1)First, we solve the NaN problem by putting the IF statement out of our parallel region.
!$acc end parallel
Why this was happenning? because of my “FLAG”? Every thread has its own copy of FLAG variable?
2)I have 2 adjacent loops inside this parallel region and in the first loop i use the reduction clause and i need the results in the second loop.
msys = 0
tmpx = 0
tmpy = 0
tmpz = 0
!$acc loop vector reduction(+:msys,tmpx,tmpy,tmpz)
msys = msys + m(i)
tmpx = tempx +vx(i)
!$acc loop gang vector
vxb(i) = vx(i) + tmpx/msys
vyb(i) = vy(i) + tmpy/msys
First of all, why do i need VECTOR clause in the first loop? (i get wrong results with GANG VECTOR)Because of the reduction?

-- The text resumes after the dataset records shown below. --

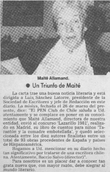 Maité Allamand para niños y grandes [artículo] Hernán Poblete Varas.
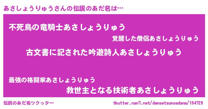 | ヒーロー風カッコイイあだ名 | 『ネオアサショウリュウ』『仮面アサダー』 |
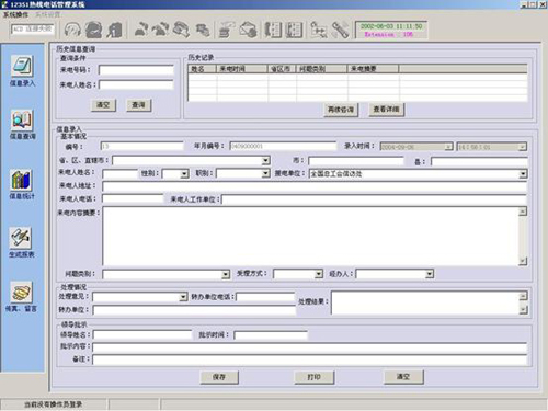 “心”起点健康热线电话管理系统主界面
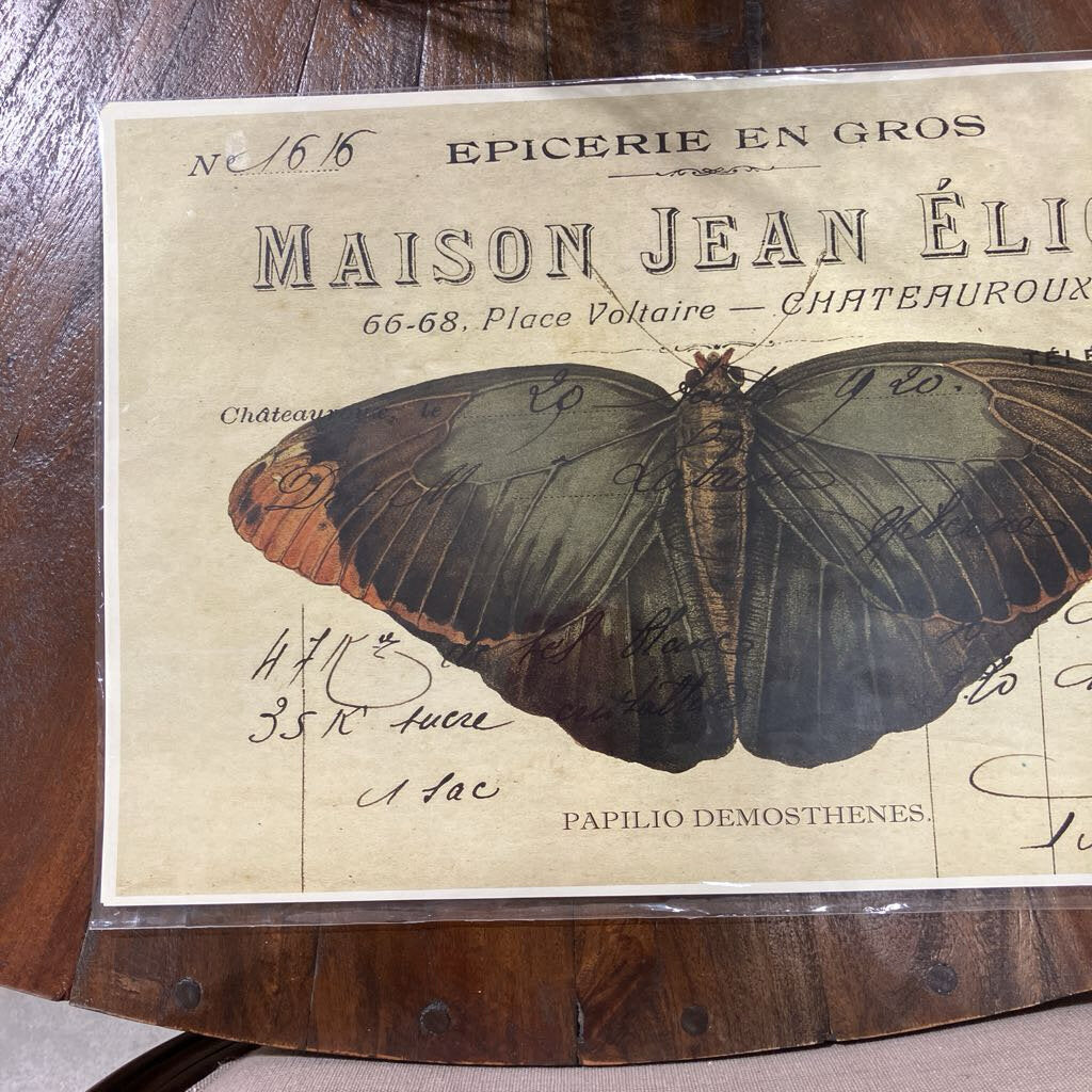 Vintage ephemera inspired paper placemats in a set of 12 each. Measures 17" X 11.5. Decorate your table for your next party with this adorable set. Please choose between the butterfly or mushroom design.
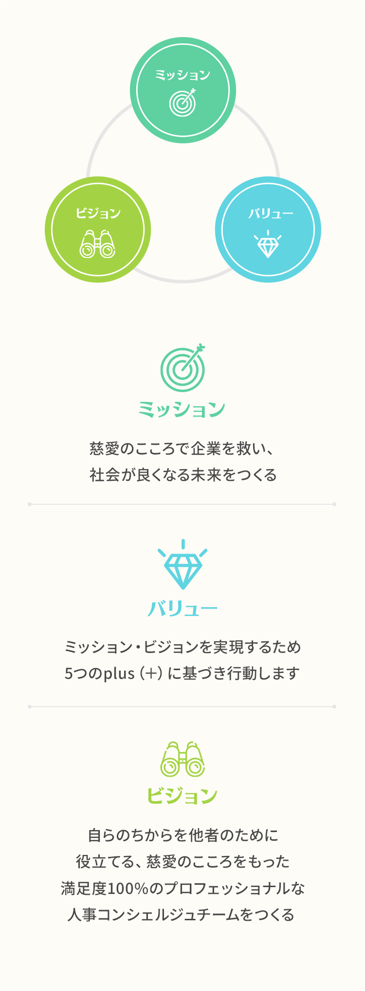 わたしたちは人事コンシェルジュとして慈愛のこころをもって会社様に真に寄り添い、企業様のお困りごとの根本解決のご支援をとおして、人と組織が生き生きとし、企業様がよりよくなるご支援をいたします。

Second,is it possible to take different results in two different execution of my program? Because in your article you say that there is a barrier at the end of the parallel region, not at the end of the first loop. So i believe that a random thread has not the correct values for the calculations in the second loop(for example: not correct value of the msys variable).
3)When i change my parallel region into kernel region i have another problem.From Nvidia Visual profiler i can see that there is a communication between host and device when my program reaches that region and i can’t figure out the reason(is it because of the reduction?).I have a copy from host to device and then after the loop back to the host.With the parallel construct i don’t see that communication and i have better time results. why is that happening?
Thank you for your help,